(Data records)
-------------------------
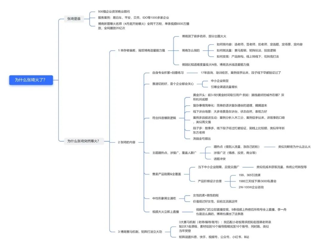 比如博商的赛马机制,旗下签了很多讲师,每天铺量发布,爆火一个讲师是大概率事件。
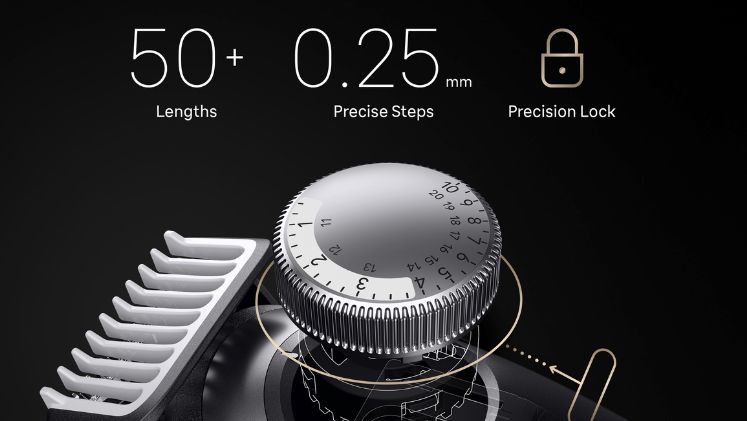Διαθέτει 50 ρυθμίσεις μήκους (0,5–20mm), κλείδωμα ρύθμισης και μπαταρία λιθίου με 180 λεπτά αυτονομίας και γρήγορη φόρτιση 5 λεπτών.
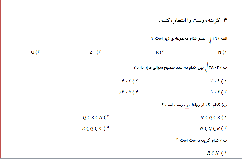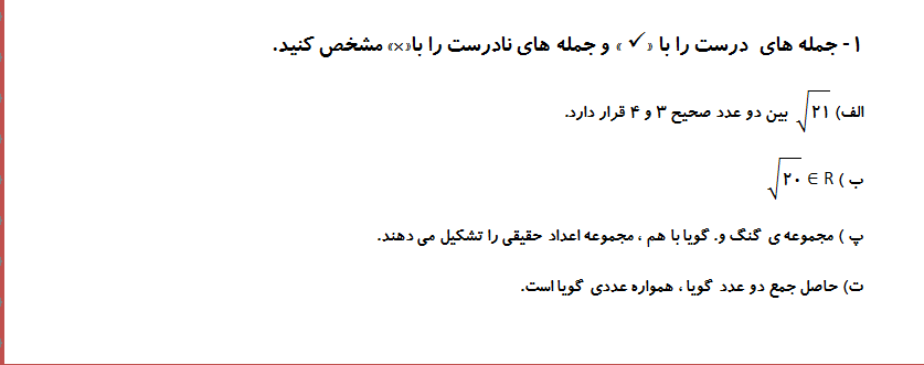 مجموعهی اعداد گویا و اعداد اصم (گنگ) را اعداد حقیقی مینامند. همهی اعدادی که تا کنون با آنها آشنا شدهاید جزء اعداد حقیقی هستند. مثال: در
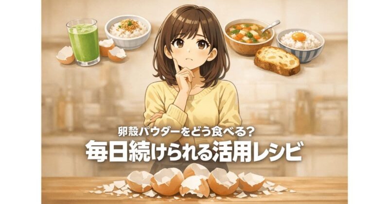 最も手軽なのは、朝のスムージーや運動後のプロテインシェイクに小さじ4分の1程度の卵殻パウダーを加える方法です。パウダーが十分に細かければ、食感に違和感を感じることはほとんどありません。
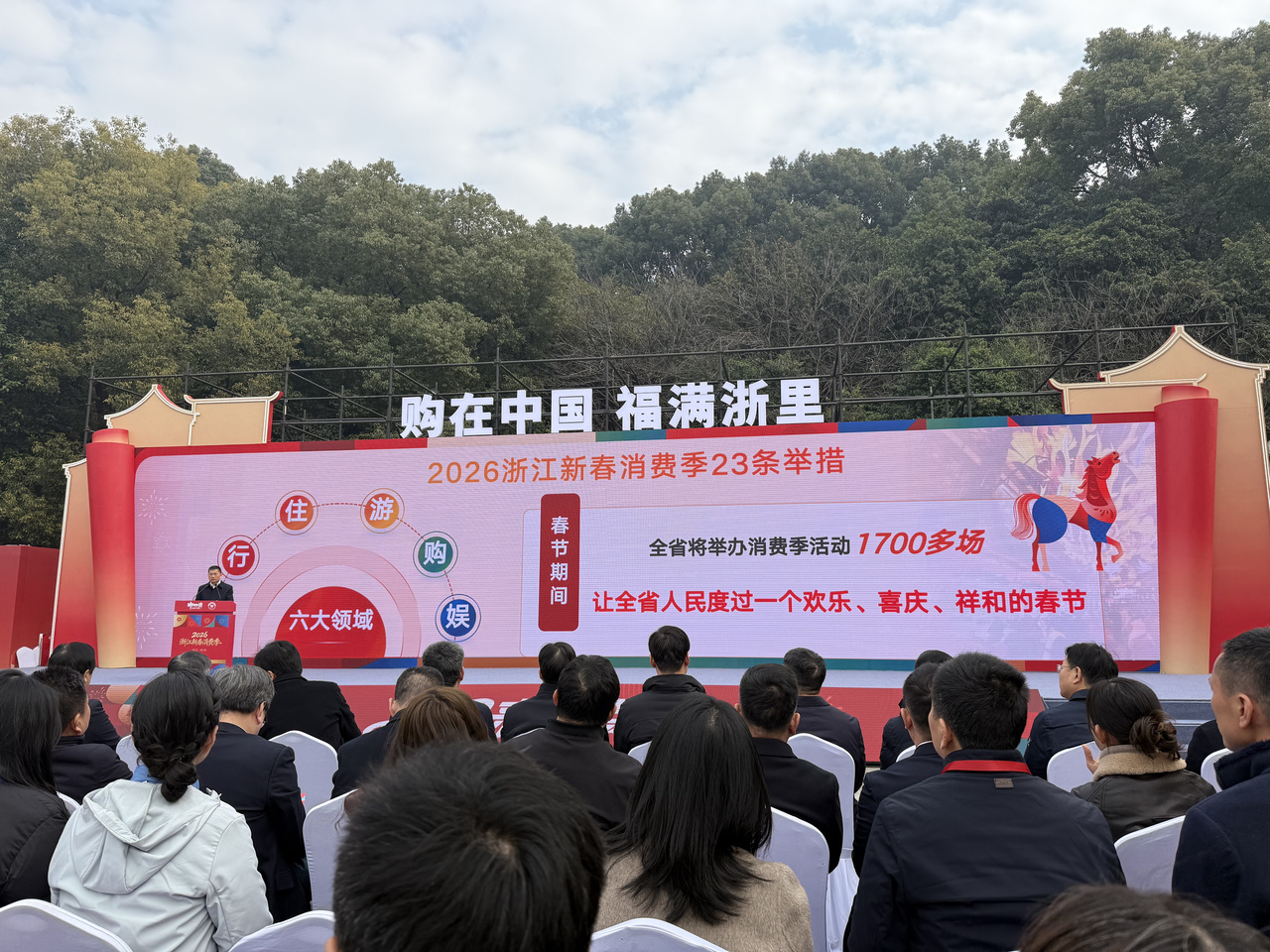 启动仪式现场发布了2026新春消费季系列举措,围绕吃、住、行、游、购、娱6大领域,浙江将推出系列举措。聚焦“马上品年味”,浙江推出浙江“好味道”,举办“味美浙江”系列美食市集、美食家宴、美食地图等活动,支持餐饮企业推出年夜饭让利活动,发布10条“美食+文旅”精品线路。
-------------------------
§ **TASK OBJECTIVE**:
Using the records above, copy exactly and only the lines from the line with "مجموعهی اعداد گویا" through the end, both included; leave every picture out.

§ **COMPLETED TASK**:
 مجموعهی اعداد گویا و اعداد اصم (گنگ) را اعداد حقیقی مینامند. همهی اعدادی که تا کنون با آنها آشنا شدهاید جزء اعداد حقیقی هستند. مثال: در
 最も手軽なのは、朝のスムージーや運動後のプロテインシェイクに小さじ4分の1程度の卵殻パウダーを加える方法です。パウダーが十分に細かければ、食感に違和感を感じることはほとんどありません。
 启动仪式现场发布了2026新春消费季系列举措,围绕吃、住、行、游、购、娱6大领域,浙江将推出系列举措。聚焦“马上品年味”,浙江推出浙江“好味道”,举办“味美浙江”系列美食市集、美食家宴、美食地图等活动,支持餐饮企业推出年夜饭让利活动,发布10条“美食+文旅”精品线路。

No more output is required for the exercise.